## Exercise aim:
Of the entries below, repeat exactly only those lines from the one containing "При первом запуске" through the last line, with pictures omitted.

= Beginning of Section =

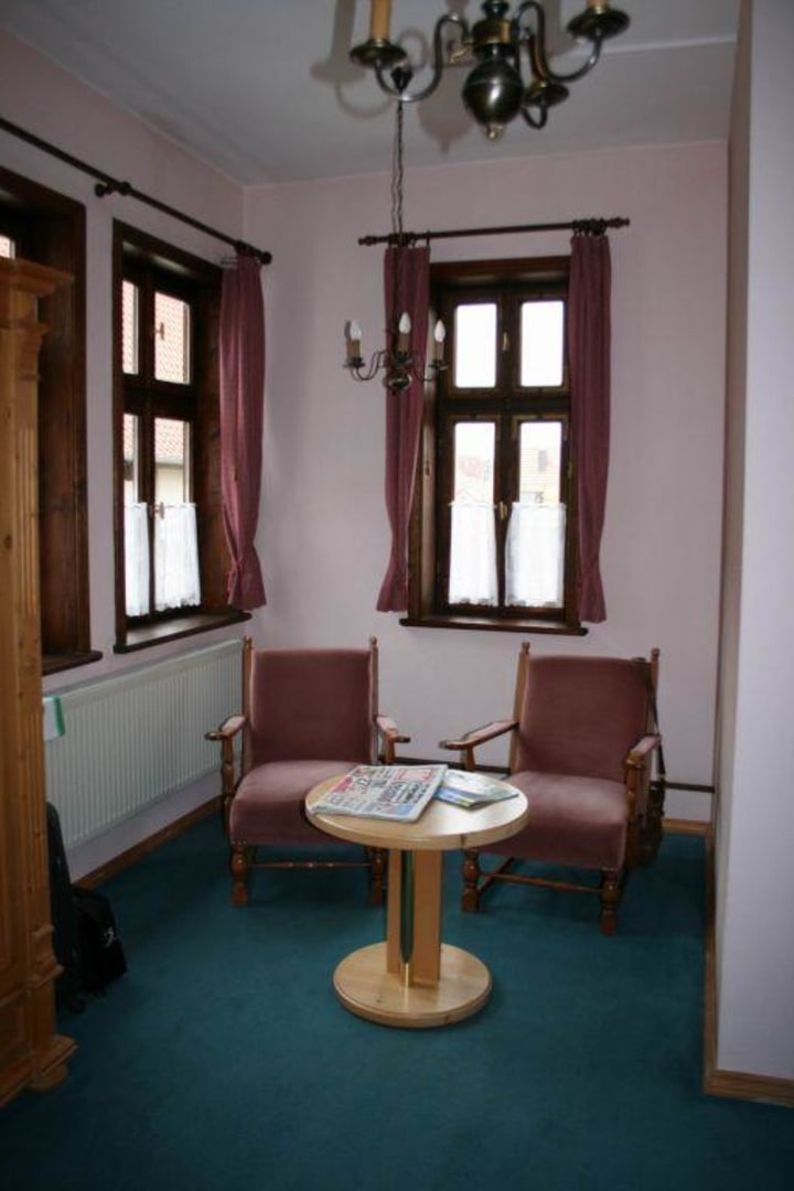 Sitzecke im HimmelbettzimmerVon hier aus kann man sowohl den Blick über die Dächer der Stadt als auch eine schöne Fersehsendung geniessen.
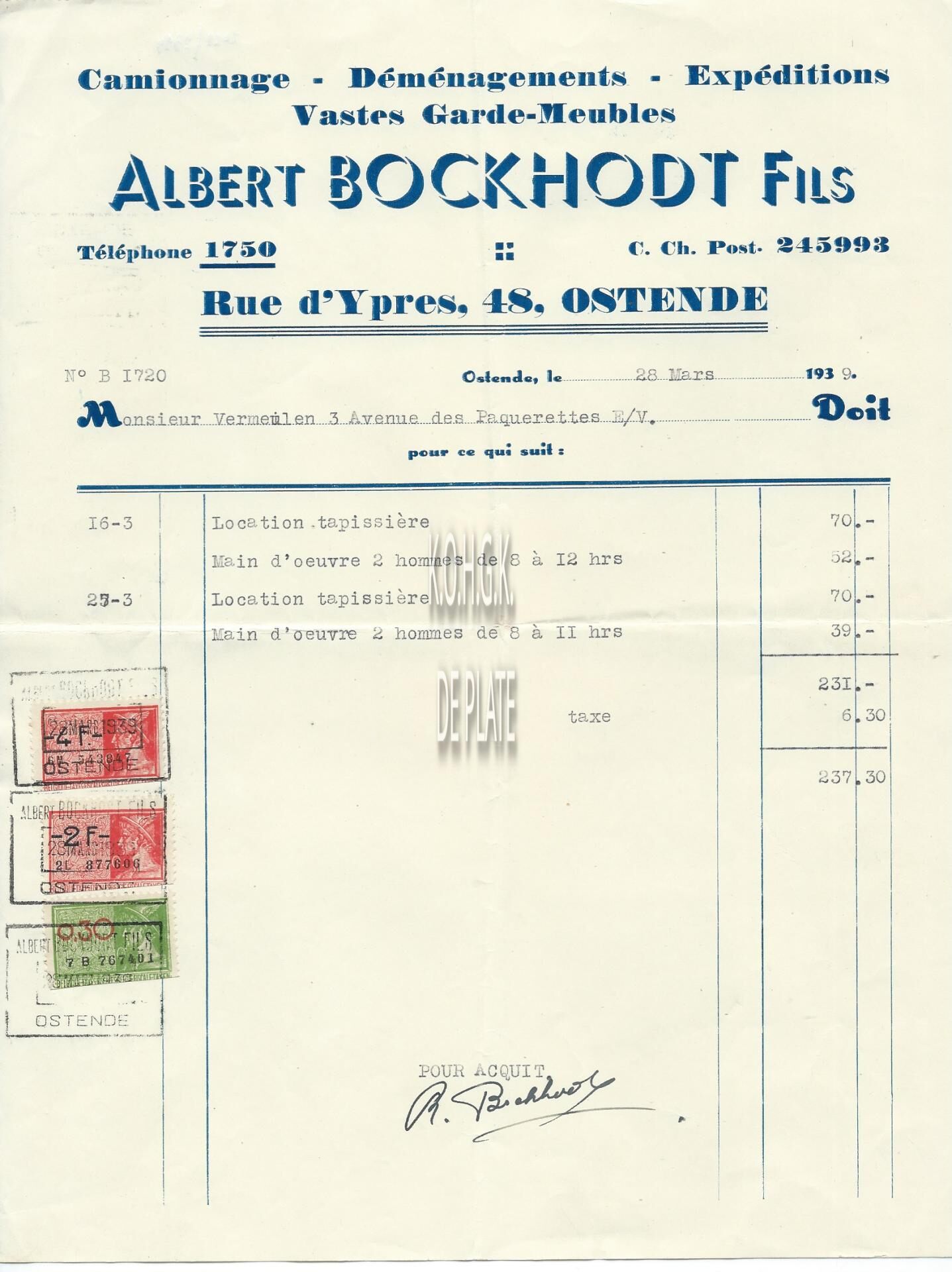 Trefwoorden HANDEL ; FACTUREN ALBERT BOCKHODT FILS (VERHUIZINGEN VERVOER) IEPERSTRAAT VERVOER ; TRANSPORTBEDRIJVEN Plaatskenmerk ARCHIEF 110 ARCHIEFDOOS HANDEL Inventarisnummers 2022/2394 28/ 03/ 1939 Print
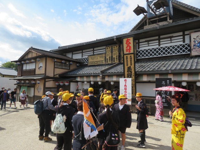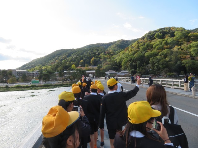 昨日の雨模様から打って変わって、朝から晴天の2日目。金閣、渡月橋、太秦映画村を訪れました。
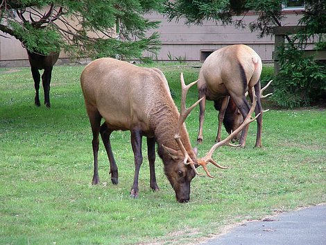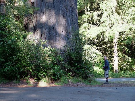 Heute um 7.45 Uhr klingelte Ingolfs Wecker. Es sind jetzt 8 Grad Celsius auf einer Höhe von 1830 Metern. Ganz schön frisch. Nach dem Frühstück sind wir nochmal kurz zum Crater Lake, genauer zum Rim Village Visitor Center. Hatten gehofft, dass die Sicht vielleicht etwas besser ist. War leider nicht so. Also weiter Richtung Redwood NP. Diesmal hats auch mit dem Navi super geklappt. In Cave Junction haben wir dann getankt und waren wieder mal im Subway essen. Zum Tanken noch eine kleine Begebenheit: Ingolf wollte mit Travellerchecques zahlen, die er noch vom letzten USA- Aufenthalt hatte. Dies wurde ein mittleres Problem. Die Frau an der Kasse musste extra anrufen, um den Check zu überprüfen. Das hat dann alles ´ne Weile gedauert, ich dachte schon, Ingolf tut mal wieder shoppen. Gegen 15.30 waren wir dann in Crescent City, und oh Schreck, totaler Küstennebel! Sobald wir aber weiter in die Redwoods reinfuhren, klärte es sich auf. Wollten eigentlich erst zum Klamath Overlook und den Wanderweg an der Küste entlang laufen. Bei der Sicht haben wir das aber gelassen und sind erstmal zum Zeltplatz Elk Prairie. Schnell Zelt aufgebaut und weiter, um die Big Trees endlich von Nahem zu sehen. Dazu sind wir zum Lady Bird Johnson Grove. Dort gibt es einen Rundwanderweg von 1 Meile, die wir dann auch gegangen sind. Wie klein ist doch der Mensch angesichts solcher Riesenbäume. Und dann maßt er sich an, diese auszuhöhlen, um seine Tiere unterzustellen oder sie sogar zu roden! Wahnsinn, diese Baumumfänge. Da sollte man vor Andacht stille werden, durften wir aber nicht! Hingen extra Schilder, man soll in Gruppen gehen und sich bemerkbar machen wegen der Mountain Lions, auf deutsch Pumas. 2 Nachteile hat allerdings dieser Nationalpark auch noch, zum einen bekommt man Genickstarre und zweitens stolpert man durch das nach oben schauen ständig über Wurzeln. Als wir fast am Ende des Rundweges waren, zog der Nebel gerade ins Landesinnere und verwandelte die Landschaft in eine Traumwelt. Unser nächstes Ziel war Big Tree, der größte und dickste Baum in diesem Park. Unterwegs kamen wir noch an einem Wohnhaus vorbei, in dessen Vorgarten 3 Elche in aller Seelenruhe grasten. Das war dann gleich mal die Attraktion! Autos machten Notbremsungen, Amis fotografierten aus ihren "Carsv heraus. Ein Elch kam dann direkt zu unserem Auto und überquerte ganz gemütlich die Straße. Nun sitzen wir am Lagerfeuer und trinken noch einen Tee.
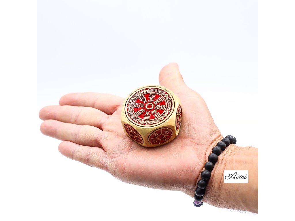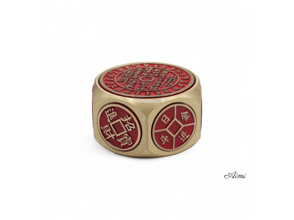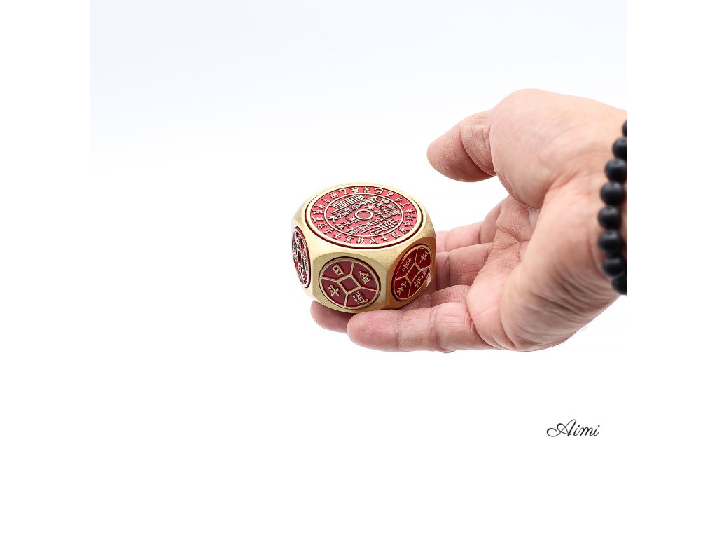 Feng Shui Šťastie – Červený kalendár a mincové kocky – Výber priaznivého dátumu je nádherne spracovaný mosadzný nástroj navrhnutý tak, aby pomohol vyberať najvhodnejšie dátumy pre dôležité udalosti a rozhodnutia. Tento elegantný kúsok spája tradičné čínske kalendárové symboly s motívmi šťastných mincí a odráža feng shui princípy načasovania, šťastia a prosperity.
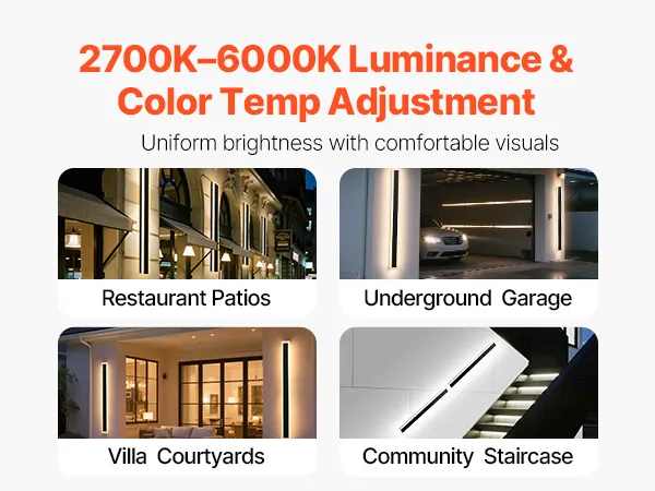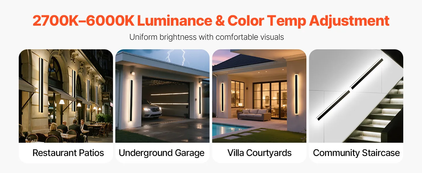 Our exterior wall light has 2700K-6000K adjustable color temperature and warm to cold light, with wide-area adjustment. Illuminating a wide range of spaces in garages, staircases, and more. Creating a personalized ambiance while meeting residential or commercial lighting needs.
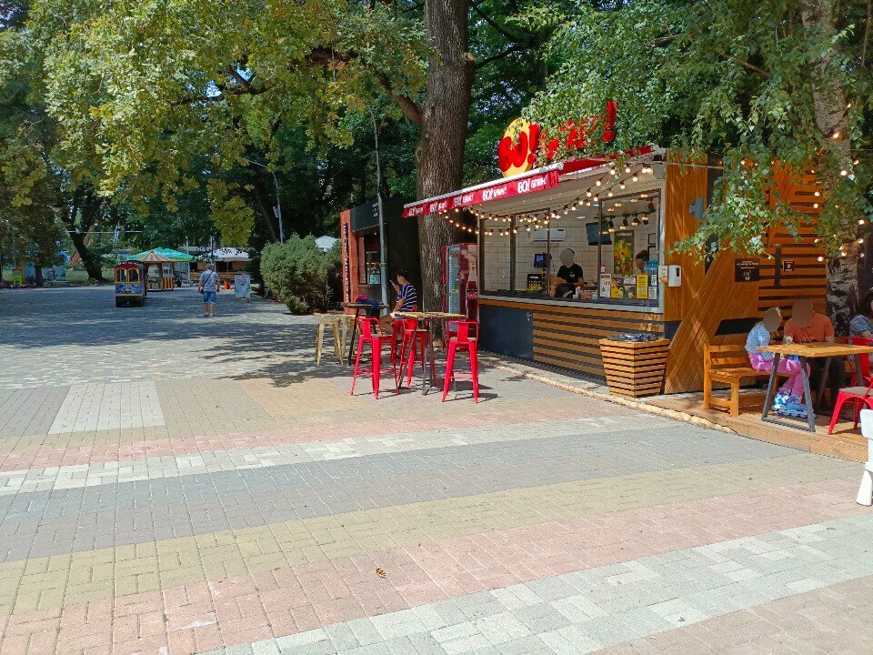 Гуляли с сыном в парке , решили перекусить Взяли блинчики Цезарь : сам блин мягкий, прожаренный. Начинки много , вкусный соус . Кофе не плохой, брала капучино. Девушки работают приветливые . Были утром в будний день, людей мало, поэтому ожидание быстрое . Хорошее место для перекуса , советую
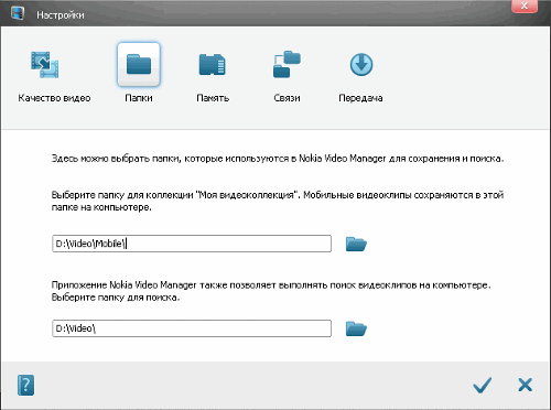 При первом запуске Nokia Video Manager пользователю будет предложено
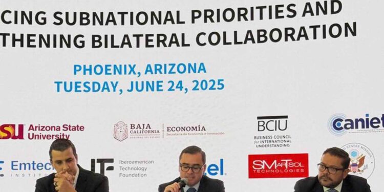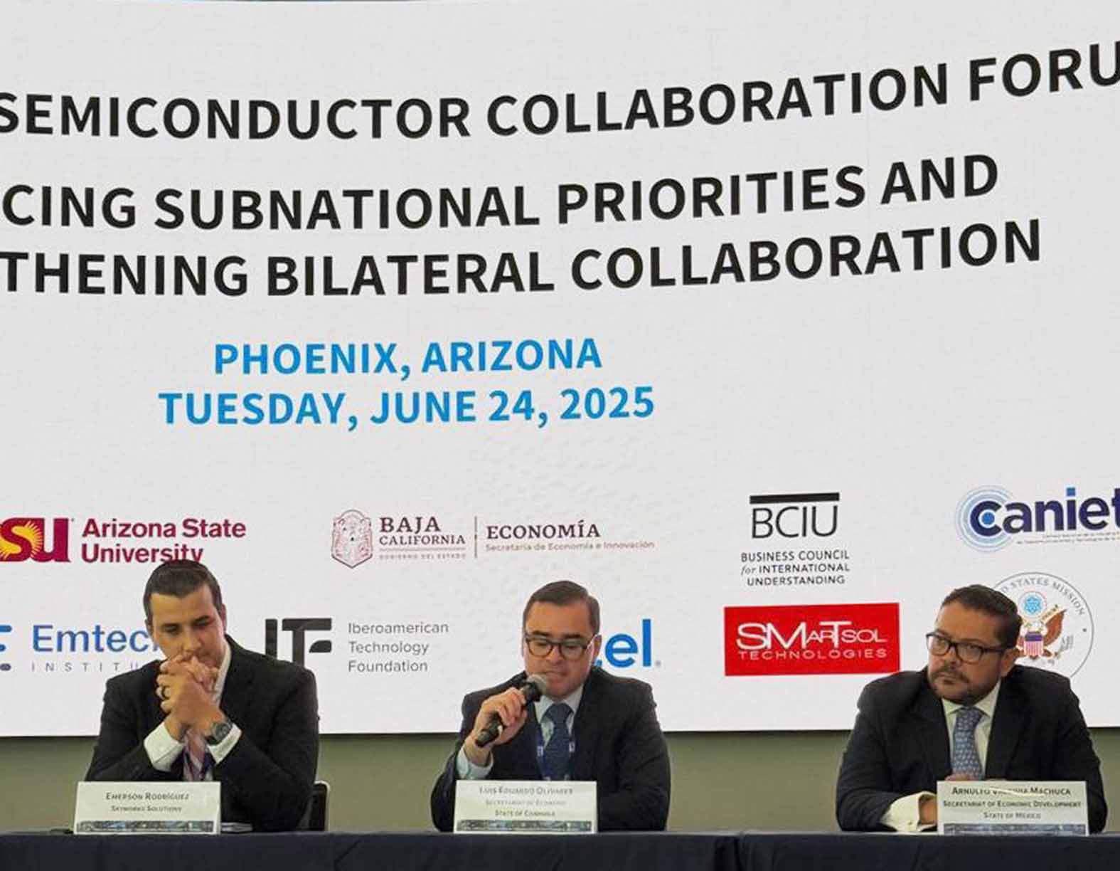 El foro reunió a destacados líderes del sector público y privado de ambos países, incluyendo representantes de empresas tecnológicas, organismos de inversión, así como autoridades gubernamentales de Estados Unidos y México, con el propósito de fortalecer la colaboración estratégica para impulsar la industria de semiconductores en la región.
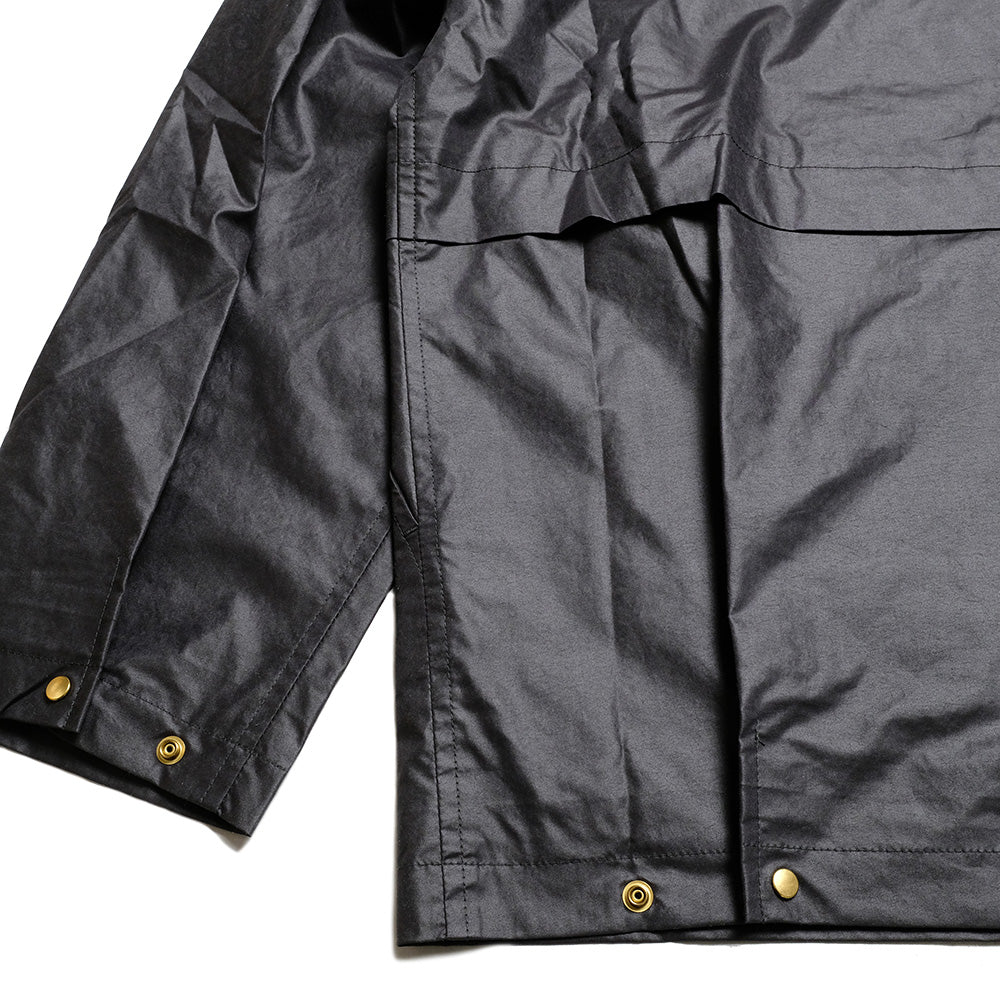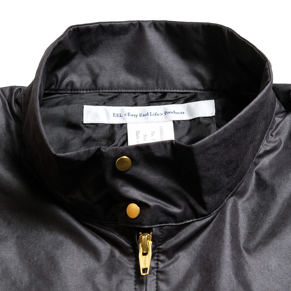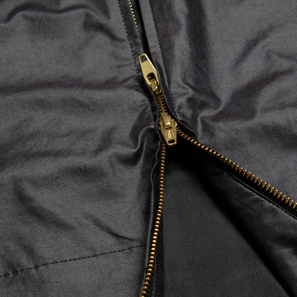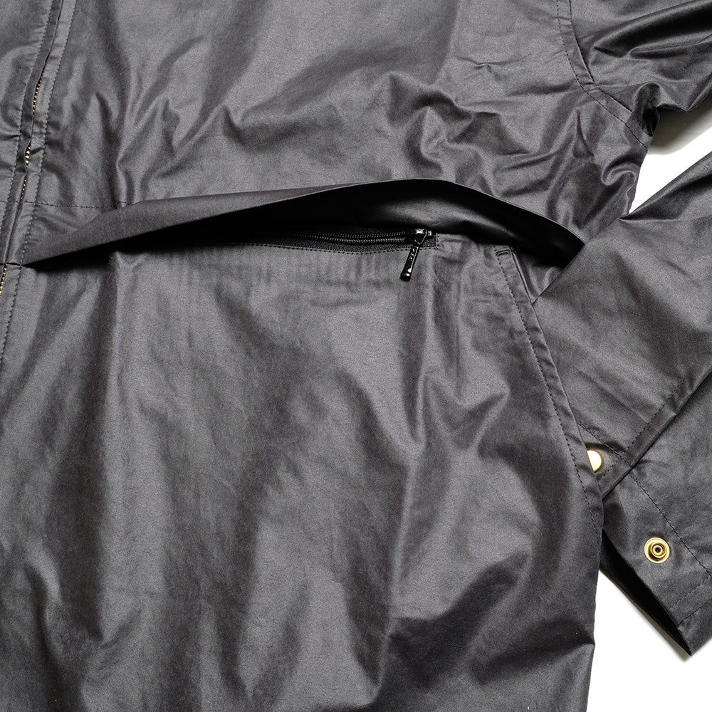 高密度に織り込んだ軽量ポリエステルナイロンツイルを使用したブルゾン。撥水光沢加工を施し、オイルドコットンを思わせるようなクラシックな表情になりながらも、軽快さと機能性を兼ね備えています。ゆったりした身幅に、運転中の姿勢でも小物の出し入れがしやすいように、左側の腰よりもやや高い位置にジップポケットを配置。ダブルジップを採用することで、裾捌きも良くなっています。

= End of Section =

## Answer section:
 При первом запуске Nokia Video Manager пользователю будет предложено
 El foro reunió a destacados líderes del sector público y privado de ambos países, incluyendo representantes de empresas tecnológicas, organismos de inversión, así como autoridades gubernamentales de Estados Unidos y México, con el propósito de fortalecer la colaboración estratégica para impulsar la industria de semiconductores en la región.
 高密度に織り込んだ軽量ポリエステルナイロンツイルを使用したブルゾン。撥水光沢加工を施し、オイルドコットンを思わせるようなクラシックな表情になりながらも、軽快さと機能性を兼ね備えています。ゆったりした身幅に、運転中の姿勢でも小物の出し入れがしやすいように、左側の腰よりもやや高い位置にジップポケットを配置。ダブルジップを採用することで、裾捌きも良くなっています。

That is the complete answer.